Your processing is not expressible in SQL. Debezium events consumed by Flink give you access to the full Flink API: Java operators, custom windowing, complex event processing, machine learning integration. If your stream processing requirements go beyond what SQL can express, the Debezium-to-Flink pipeline gives you more raw power.
You rely on Debezium's connector breadth. Debezium supports Oracle, Db2, and other databases that RisingWave does not yet support natively. If your source is Oracle, Debezium is your primary option.
Scenarios: Which Tool for Which Use Case?
| Scenario | Recommended tool | Why |
| Real-time dashboard on PostgreSQL data | RisingWave | No Kafka needed, materialized views serve the dashboard directly |
| Fan-out from MySQL to 5+ consumers | Debezium + Kafka | Pub-sub fan-out is Kafka's core strength |
| CDC to Apache Iceberg with upserts | RisingWave | Built-in Iceberg sink with upsert support |
| Hourly data warehouse sync | Airbyte or Fivetran | These are built for batch ELT to warehouses |
| Oracle source to Kafka | Debezium | RisingWave does not yet support Oracle CDC natively |
| AI agent needing fresh feature data | RisingWave | Materialized views via MCP server, sub-second freshness |
| Migration to AWS services | AWS DMS | Deep AWS integration for migration use cases |
| Complex stateful stream processing with custom Java logic | Debezium + Flink | Flink's Java API is more expressive than SQL |
| PostgreSQL/MySQL/MongoDB CDC without Kafka | RisingWave | Built-in CDC connectors, no broker required |
Key Takeaways
CDC in 2026 is no longer one tool but two architectures: connector-to-Kafka and integrated streaming database. The right choice depends on your existing infrastructure, your downstream consumers, and how much operational complexity you can absorb.
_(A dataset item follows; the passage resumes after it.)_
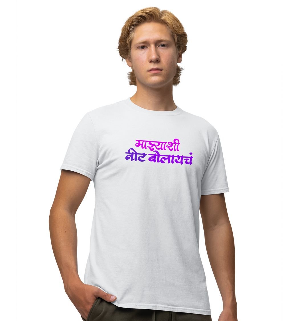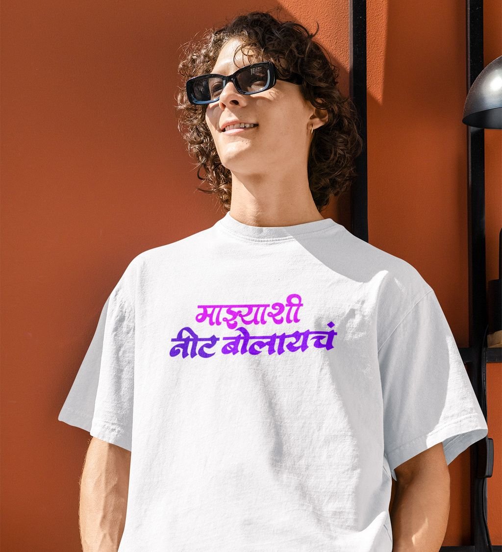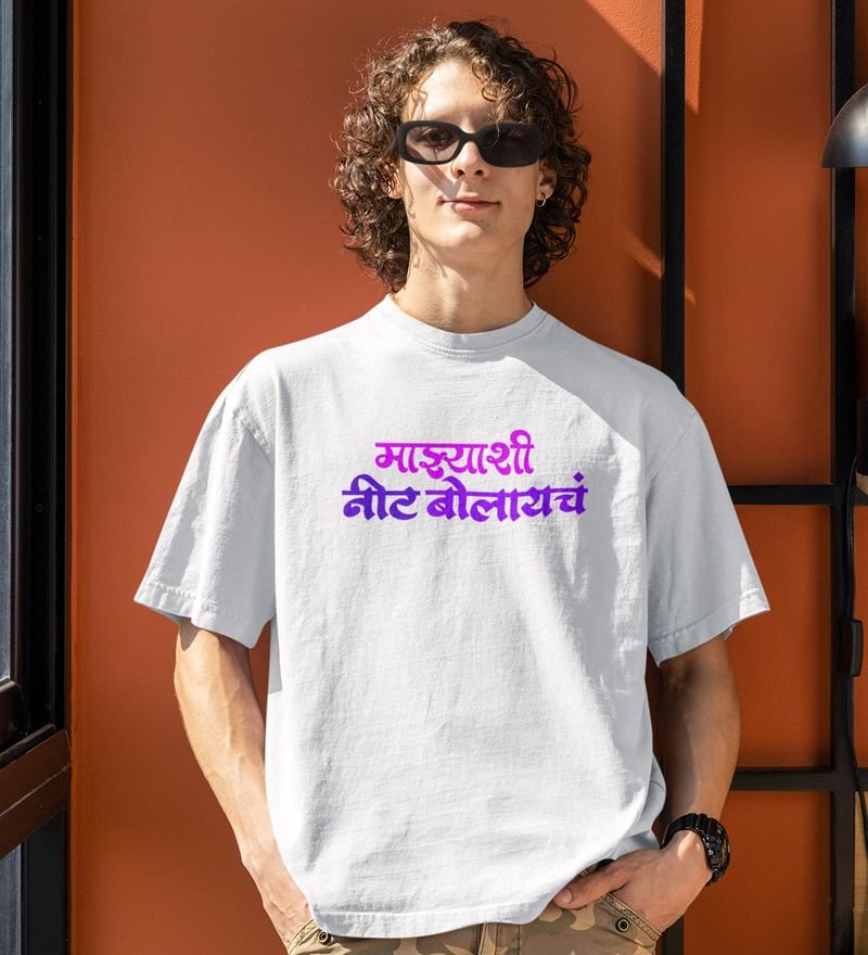 Celebrate the vibrant spirit of Mumbai with our the bold Marathi typography this shirt is perfect for those who take pride in their city Made from soft high quality fabric it ensures all day comfort Wear it to show off your love for Mumbai

Debezium is battle-tested, Apache-licensed, and the right choice for teams with Kafka investment who need multi-destination fan-out or sources that RisingWave does not yet support.
RisingWave's integrated CDC eliminates the Kafka, Debezium, and separate serving layer for teams that want sub-second freshness, SQL-based processing, and PostgreSQL-compatible serving in one system. It is the right choice when your use case is "capture changes, process them with SQL, serve results to applications and dashboards."
The clearest signal for which architecture you need: if you are asking "how do I fan out this CDC stream to ten different consumers," Kafka is the right answer. If you are asking "how do I build a real-time analytics layer on top of my production database," RisingWave is the right answer.